Ah right.  Still, it's a clear place to do this now.

> Also, in discussing with Martin, it is probably better to just have
> mutter() include the os.getpid() information. Consider Apache logs,
> where everything is put into a single file, but you can still easily
> filter it back out again into individual requests.
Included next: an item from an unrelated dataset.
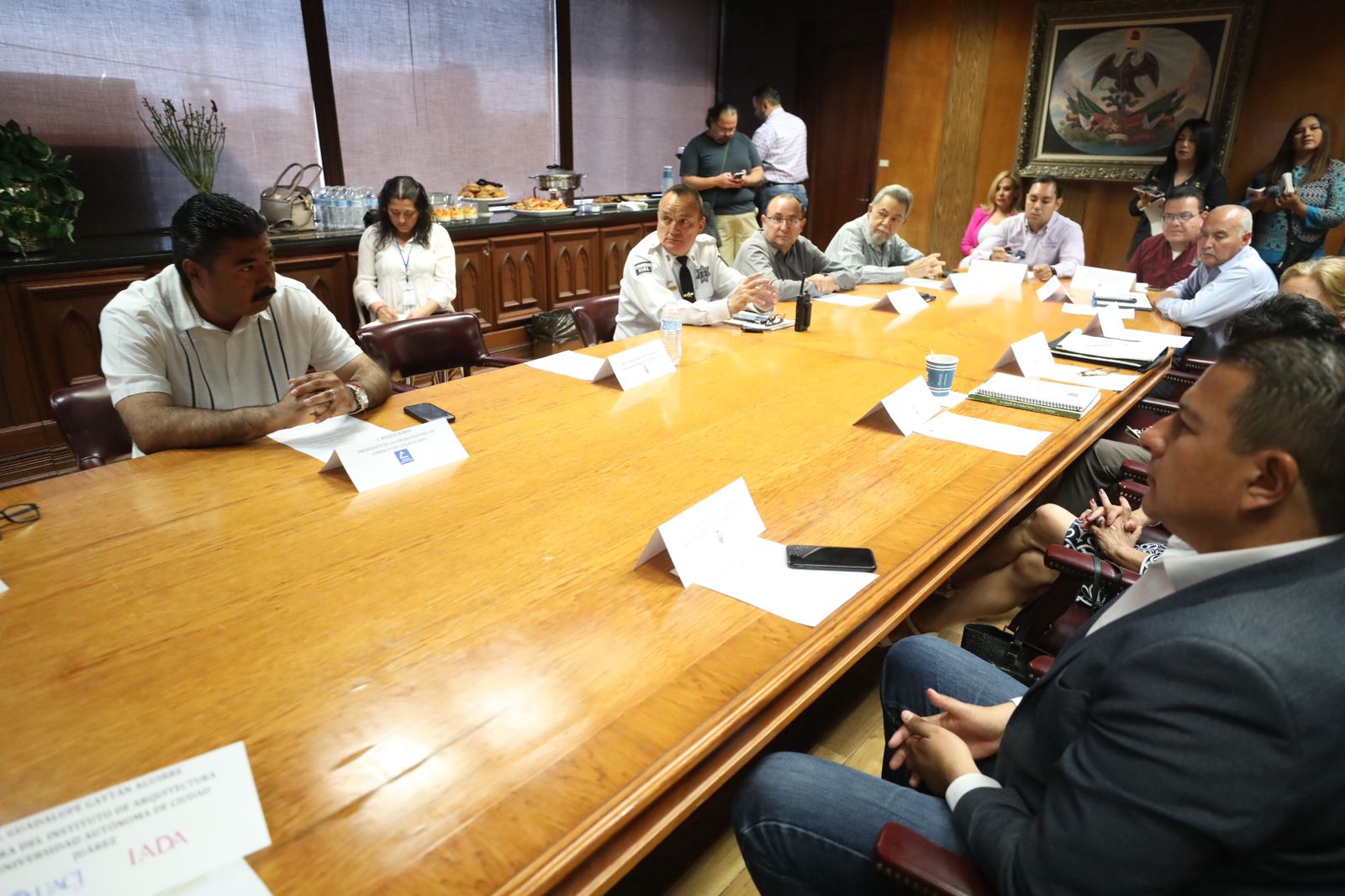 Además de Carlos Israel Nájera Payán, coordinador general de Comunicación Social; Socorro Arredondo, representante del Archivo Histórico del Ayuntamiento de Juárez; Vicente López Urueta, presidente del Consejo de Planeación Urbana; Álvaro Roberto Mora Palacios, director general del Instituto Municipal de Investigación y Planeación y Jorge Luis Chavira Cano, titular de la Secretaría de Desarrollo Urbano y Ecología del Estado.

Well, I'm not sure Apache logs are that good an analogy (http requests
tend to be shorter than bzr+ssh connections!) but I see the point.
Certainly, the ~codehost/.bzr.log files we currently have aren't much
use.

> >> +            # See [Decision #3]
> >> +            self._create_child_file_descriptors(temp_name)
> >> +            conn.sendall('ok\n%d\n%s\n' % (pid, temp_name))
> >> +            conn.close()
> >> +            self.become_child(command_argv, temp_name)
> >> +            trace.warning('become_child returned!!!')
> >> +            sys.exit(1)
> > 
> > Would os._exit() not be more appropriate here?
> 
> If we get here, something bad has happened (we didn't hit the earlier os._exit() state). I don't have any strong hints, but sys.exit() means we'll can get a traceback.

Fair enough.

> >> +            except self._socket_error, e:
> >> +                if e.args[0] == errno.EINTR:
> >> +                    pass # run shutdown and children checks
> >> +                elif e.args[0] != errno.EBADF:
> >> +                    # We can get EBADF here while we are shutting down
> >> +                    # So we just ignore it for now
> >> +                    pass
> >> +                else:
> >> +                    # Log any other failure mode
> >> +                    trace.warning("listening socket error: %s", e)
> >> +            else:
> >> +                self.log(client_addr, 'connected')
> >> +                # TODO: We should probably trap exceptions coming out of this
> >> +                #       and log them, so that we don't kill the service because
> >> +                #       of an unhandled error
> > 
> > Er.  Yes.
> 
> I'm not 100% sure that having a service just start logging "unhandled
> exception" is going to get attention. If you are sure that there will
> be a way for this information to become visible, then I'm more willing
> to suppress it at this point.
> 
> hmm... maybe having "hello" report back if there have been unhandled
> errors?

Hmm.  I guess it could generate an OOPS?

I'm just very leery of any code path that could kill the forking
service, because that's "get a losa out of bed" territory if it happens
on the weekend.

> >> +    def _wait_for_children(self, secs):
> >> +        start = time.time()
> >> +        end = start + secs
> >> +        while self._child_processes:
> >> +            self._poll_children()
> >> +            if secs > 0 and time.time() > end:
> >> +                break
> >> +            time.sleep(self.SLEEP_FOR_CHILDREN_TIMEOUT)
> > 
> > I find the practice of calling this function with an argument of
> > self.SLEEP_FOR_CHILDREN_TIMEOUT a little strange.  Isn't that just the
> > same as calling self._poll_children()?
> > 
> 
> The important calls use self.WAIT_FOR_CHILDREN_TIMEOUT. I can see your
> point, though. Though actually it doesn't. If you read the logic, the
> "break" comes *after* _poll_children. So the code does:
> 
> _poll_children()
> sleep(SLEEP_FOR_CHILDREN_TIMEOUT)
> _poll_children()
> break

Oh right.  Is that an important distinction?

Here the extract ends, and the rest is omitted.